Sure you have your old college friends that you see once a month for drinks and that colleague that is less annoying than the rest with whom you commiserate. But other than a romantic partner, it seems that our everyday routine becomes isolated.

In stark contrast, many legs of my journey have been ripe with community living, most notably in the Red River Gorge and El Potrero Chico. In both of these places, I found myself sharing the space, way of life, and daily routine as an entire community.

As with any community, you are close to some, casual with others, and there might be a few people you’d be happy to never see again. Yet still, there is something comforting about knowing everyone around you, cooking dinner together, and sharing the same highs and lows. This sense of shared living and shared understanding is a powerful force that seems to be missing for most people. Often we don’t even know the names of the people that live right next door!

2. Enjoy the small stuff

It is easy, no matter where in life you are, to get caught up in the day to day shuffle.
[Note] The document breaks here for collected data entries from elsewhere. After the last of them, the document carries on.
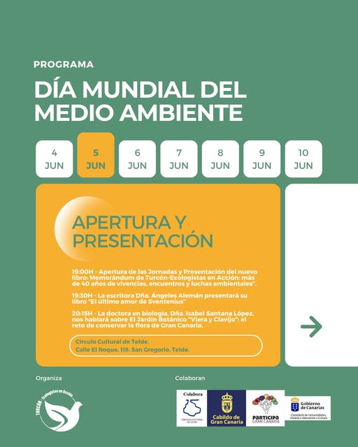 Estas actividades cuentan con la colaboración del Círculo Cultural de Telde, la Dirección General de Cultura y Patrimonio del Gobierno de Canarias y la Consejería de Participación Ciudadana del Cabildo de Gran Canaria, instituciones que Turcón ha querido agradecer públicamente por su respaldo al activismo ambiental.
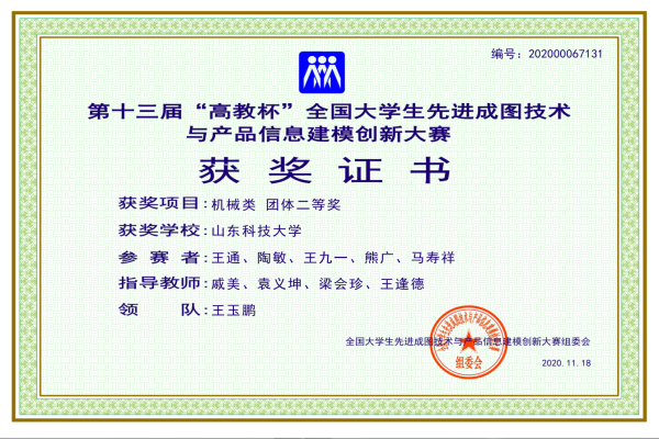 教务处、创新创业学院、机电学院为此次比赛提供了强有力的支持。经过校赛和省赛的选拔,参赛队员积极备战,最终取得优异成绩,充分展现了山东科技大学学生在图学基础知识、尺规绘图、产品信息建模和3D打印等方面的动手与创新能力,全方位提升了参赛学生的综合素质和团队协作精神。(通讯员:赵玉琦 唐延祥)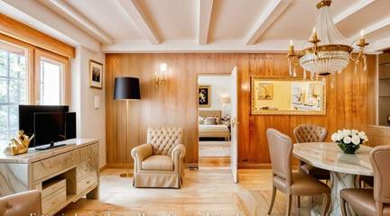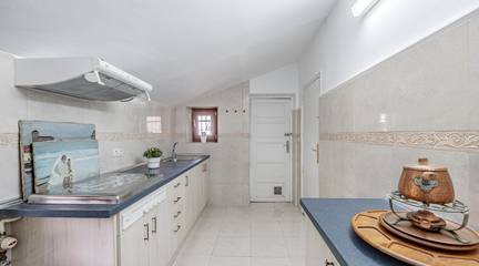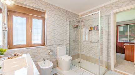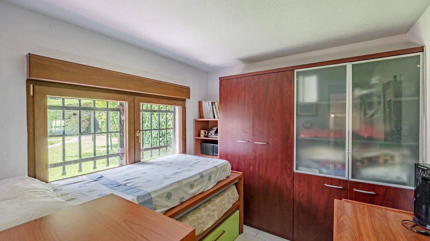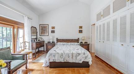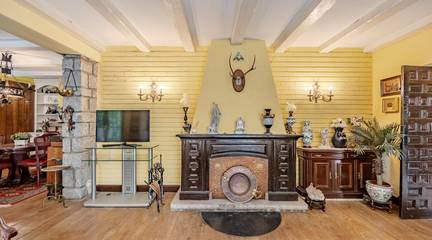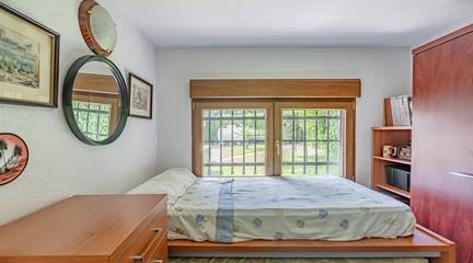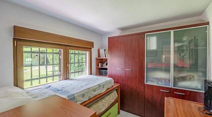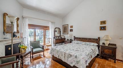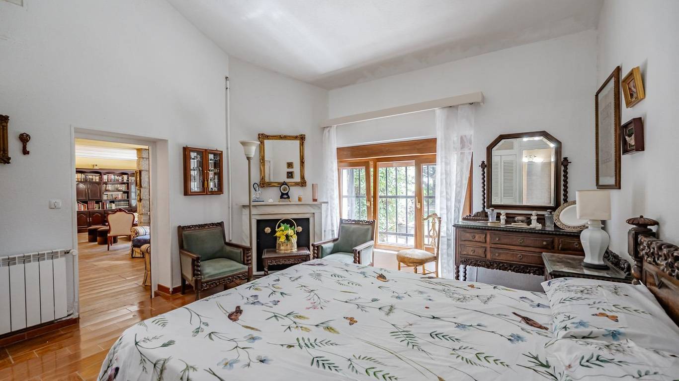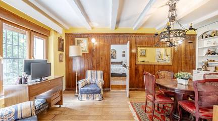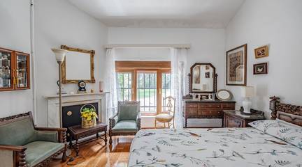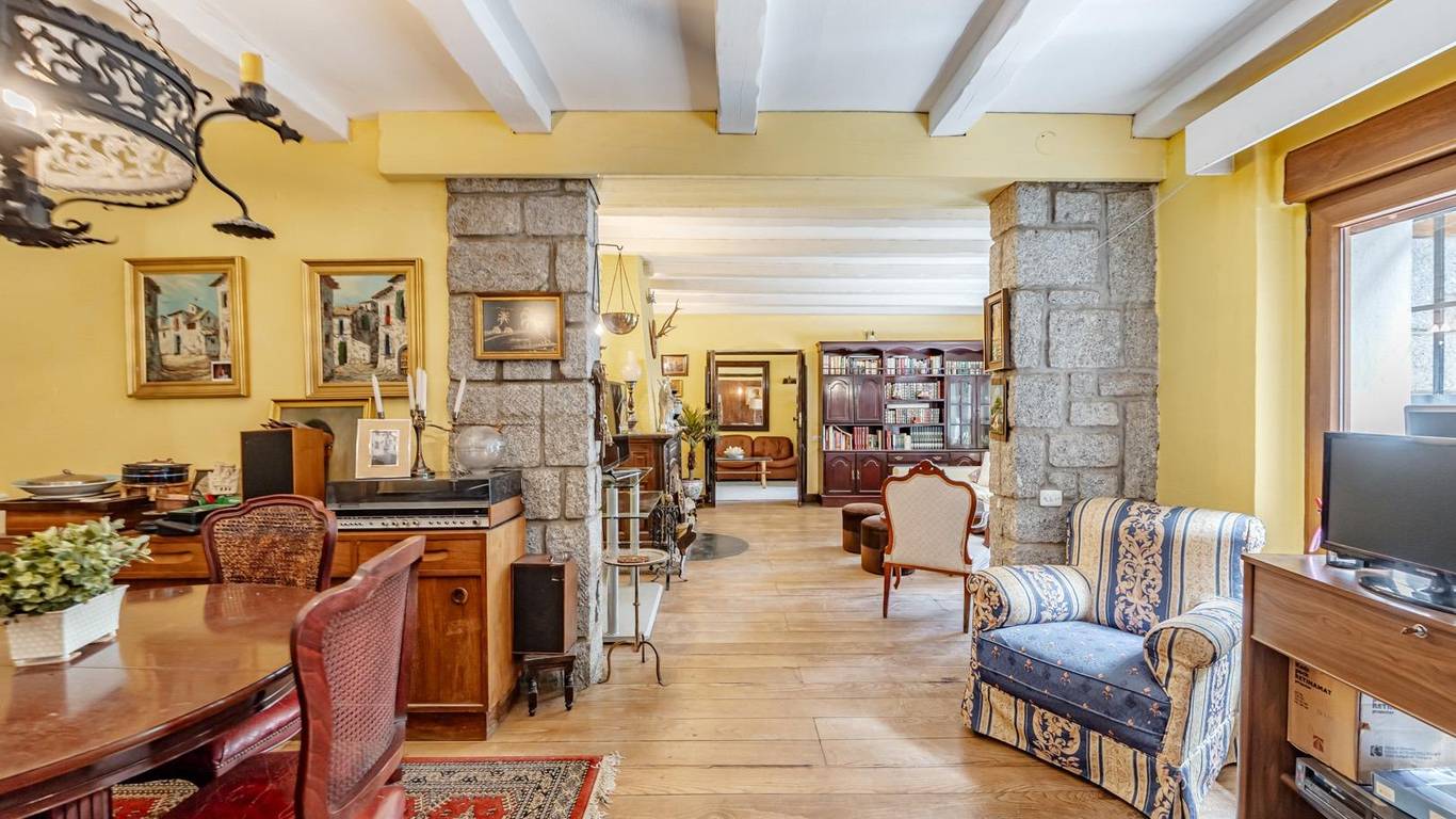 La cocina, con acceso directo al jardín trasero, está distribuida en dos espacios diferenciados: una zona de preparación y una agradable zona de comedor. El salón comedor, amplio y lleno de luz natural, cuenta con dos chimeneas. Desde aquí se accede a una zona independiente que ha sido acondicionada como apartamento para invitados. Este espacio, que también cuenta con entrada propia desde el exterior, incluye un dormitorio de generosas dimensiones con chimenea, baño completo y una pequeña cocina con salida al jardín.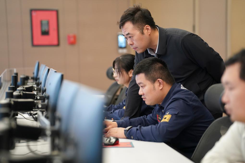 工作人員通過“西安城墻數字方艙綜合管理平台”開展工作(2025年9月10日攝)。

After living in the van for a while, I began to find myself taking the time to enjoy the little things that I had somehow lost track of. Since living the van life, I have watched more sunsets and shooting stars, laughed more at my dog’s antics, taken the road less traveled, and just genuinely enjoyed daily life in a way that I had been missing … Also, when your food budget and cooking utensils are limited, you learn to really appreciate a nice cookie.

While it is certainly easier to take the time and effort to find joy when you have fewer constraints on your time, I think that appreciating the small things is an attitude that can be cultivated by anyone in any circumstances.

3. Climb everything

Before living the van life I had a pretty regimented approach to climbing. I was a sport climber and when I got to go outside I was going to climb single pitch sport and I was going to climb at my limit. I was that annoying person in the group that was up at the crack of dawn glaring at everyone as they drank their coffee because we needed to go now.

I wanted to capitalize on my time, but upon reflection, I am not sure I was always capitalizing on my fun.

Now I have found myself doing long easy multi-pitch routes, trad climbing, enjoying and exploring new areas without even knowing or caring about the grades, and even (gasp!) bouldering.

I still sometimes get excited and invested in a route that I want to project, but I have learned to appreciate a wider variety.  Not only that, but I have relaxed and allowed myself to enjoy climbing even when I am not going full throttle. I want to keep this mentality. I want to climb for the rest of my life and I want to enjoy all parts of climbing, not just the physicality but the adventure, friendships, and beauty.

4. People are generally kind, wonderful, and interesting; you should talk to them

Leaving Seneca Rocks my van broke down in the Alleghany Mountain Range, an area with no towns or cell service for miles around. A wonderful woman picked me up on the side of the road and drove me into the nearest town to find a landline and call for a tow. She was a nurse and traveled to rural areas to help set up their community health centers.

The nearest town had only one business open. The woman who owned it helped me call for a tow from the next town over and sat with me for two hours after the store closed so that I wouldn’t have to wait alone. She used to live in Pennsylvania but sold everything to fulfill her dream of living in a small town and being a business owner.

Another time, in Arizona, my husband and I stayed with two women living on a small homestead. They had grown up in extremely conservative households and been through many struggles to find a way to be true to themselves. They welcomed us into their home and fed us lasagna, whiskey, chocolate chip cookies, and stories around a campfire.

I wouldn’t say that I am naturally extroverted; in fact, sometimes I struggle to connect with people I don’t know. However,

when you are living on the road it forces you to open up and connect with other people.

In everyday life, it is easy to only give your time to the established relationships around you and forget that there are another six billion people out there with their own unique stories and kind hearts. Make an effort to meet them.

So what to do with all these musings?

I would like to say that I will return to “real life” with a zen-like attitude that will allow me to live these principles daily, but the reality is that I will probably get busy, stressed, and turtle into my social circles at least sometimes. But, now I am aware and I have experienced a different way of life.

I want to try to build a community, I want to continue to appreciate a sunset or a really delicious cookie, I am going to buy a crash pad, and I want to show kindness to strangers like others have shown to me on the road.